Once the English-Indian alliance got into full swing and the allied Indians were caught in their towns with women and children, the slaughter was horrific. Siege warfare never did favor the primitive. Once the point of the rebel spear was blunted the slow grind favored the government and their converging allies.
The war ended on a brutal note, with the mortally wounded chief Ponham, who had turned on his captors on the way to Boston and was thought to be dead, crawling into ambush position and, “…when an English-man drew near him, though he could not stand, he did (like a dying Beast) in rage and revenge, get hold on that Souldier’s head, and had like to have killed him, had not another come to his help, and rescued him out of the enraged dying hands of that bloody Barbarian…”
Both sides in this brutal little war suffered greatly and emerged to face the irony that the party that prevailed did so by contracting much of the war effort out and despite this lack of valor retained the virtue not to take credit for the victory, but to place it in God’s hands.
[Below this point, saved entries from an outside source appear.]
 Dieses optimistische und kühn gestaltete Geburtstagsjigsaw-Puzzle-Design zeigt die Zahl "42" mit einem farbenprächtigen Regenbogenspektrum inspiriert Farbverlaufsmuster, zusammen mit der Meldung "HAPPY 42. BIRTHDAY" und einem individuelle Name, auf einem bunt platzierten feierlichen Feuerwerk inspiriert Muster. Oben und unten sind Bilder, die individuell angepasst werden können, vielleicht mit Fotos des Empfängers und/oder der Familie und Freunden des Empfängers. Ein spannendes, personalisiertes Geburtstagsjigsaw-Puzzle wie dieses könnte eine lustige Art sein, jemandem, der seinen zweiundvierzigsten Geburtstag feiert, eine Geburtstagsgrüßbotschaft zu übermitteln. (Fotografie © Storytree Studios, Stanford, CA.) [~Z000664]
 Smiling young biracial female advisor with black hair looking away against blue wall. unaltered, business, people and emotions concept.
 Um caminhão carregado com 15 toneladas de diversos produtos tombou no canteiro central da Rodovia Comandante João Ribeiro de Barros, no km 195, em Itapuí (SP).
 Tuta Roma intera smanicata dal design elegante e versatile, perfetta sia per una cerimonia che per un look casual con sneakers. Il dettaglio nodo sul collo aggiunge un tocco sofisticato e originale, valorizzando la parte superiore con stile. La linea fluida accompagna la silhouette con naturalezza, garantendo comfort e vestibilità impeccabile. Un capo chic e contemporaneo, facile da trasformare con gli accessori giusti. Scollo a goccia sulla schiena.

Afterward the wife and single son of Metacomet, were sold into slavery in the West Indies, where servant mortality was over 80%.
Hi James, enjoy your writing as always. A friend recently moved to Simsbury, CT, and in reading about the town on Wikipedia I came across this which I thought might interest you. Apologies if you already read/wrote about this fellow.
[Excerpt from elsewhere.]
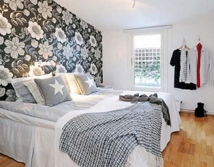 Отличные компаньоны для обоев в цветочек — однотонные обои. Так же неплохо смотрится клетка и полоска.
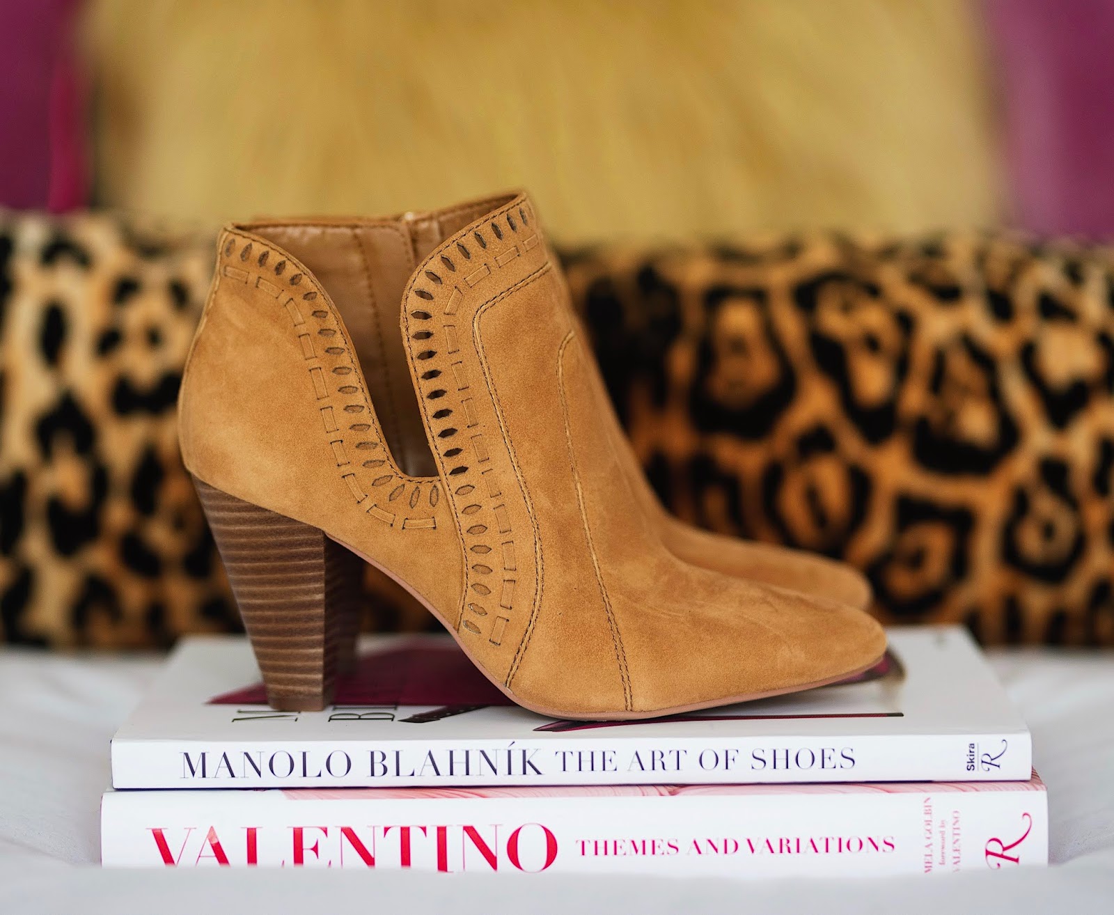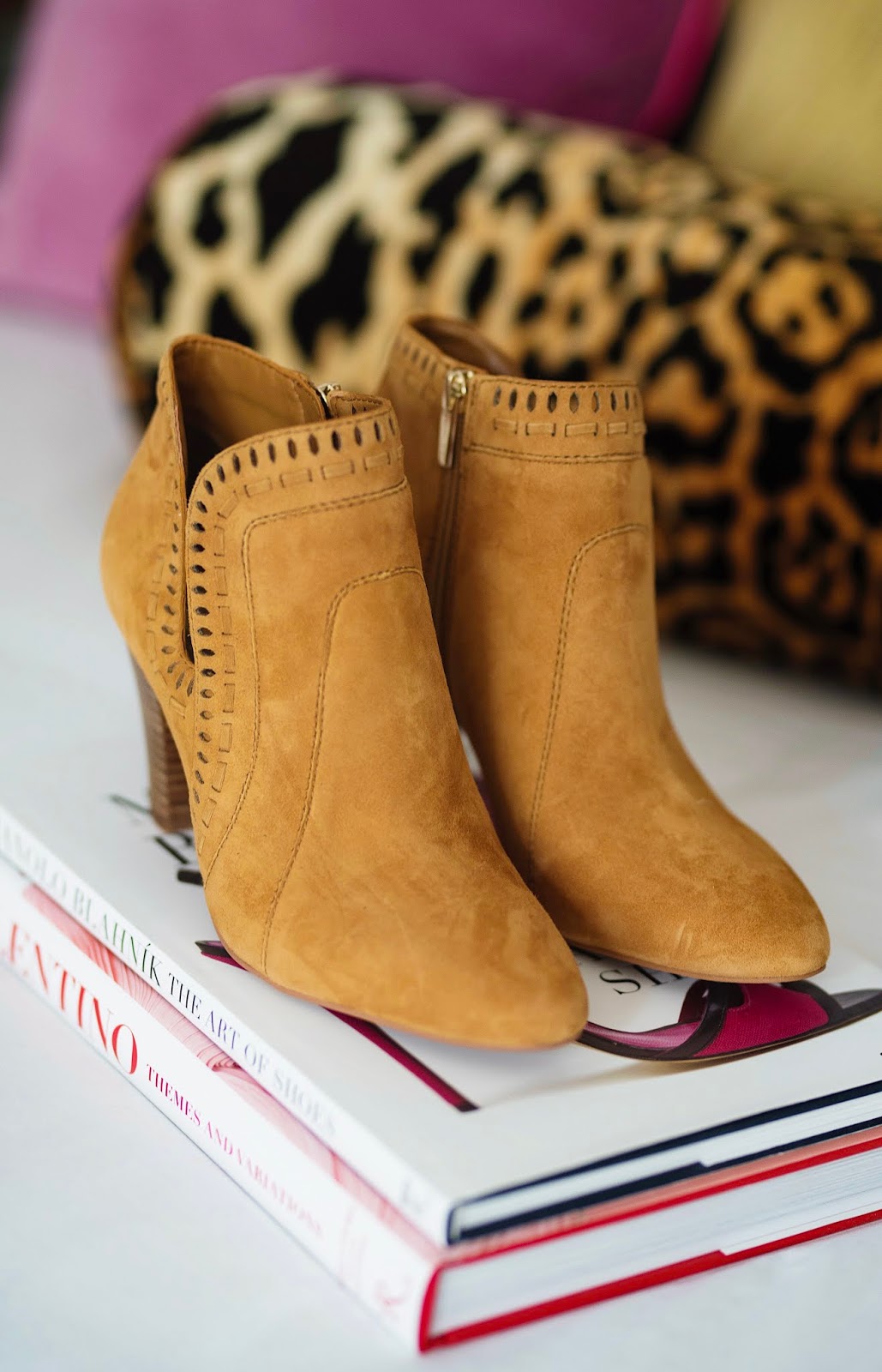 The Vince Camuto Reeista Booties are most definitely my favorite bootie that I purchased in the sale. The are GORGEOUS! Everything from the silhouette, the color, the cut out details, the heel shape…they’re amazing! They are on sale for $99 in this sale (reg. $149.95). They run TTS, I went with my regular size. I plan to style them with dresses, skirts paired with slouchy sweaters and of course jeans. These are a fall staple for sure! They come in three colors.

In 1707, Daniel Hayes, then aged twenty-two, was captured by the indigenous people and carried off to Canada. The capture was witnessed, and a rescue party raised, but the group did not catch up with the captors. He was tied up each night, and bound to saplings. It took thirty days to reach Canada, at which point Hayes was forced to run the gauntlet. Near the end of the gauntlet, he hid in a wigwam to avoid an attempted blow by a club. The woman in the wigwam declared that the house was sacred, and having lost a husband and son to a war, adopted Hayes as her son. He remained for several years, attending to the woman. Eventually, he was sold to a Frenchman, who learned that Hayes had skill as a weaver, so put him to work in that business. Hayes managed to earn enough to buy his freedom after two years. He then returned to Simsbury, settled down on a farm and married. He became prominent, both in civil affairs as well as the church at Salmon Brook (now Granby).[21]
Thank you, Ned,
I read about this in passing about 20 years ago and neglected to research it in this project, so I will include your comment in the print book.
Entries like this, when I read for pure joy about explorers and frontiersmen, is what piqued my interest concerning slavery as a universal condition, not one exclusive to blacks.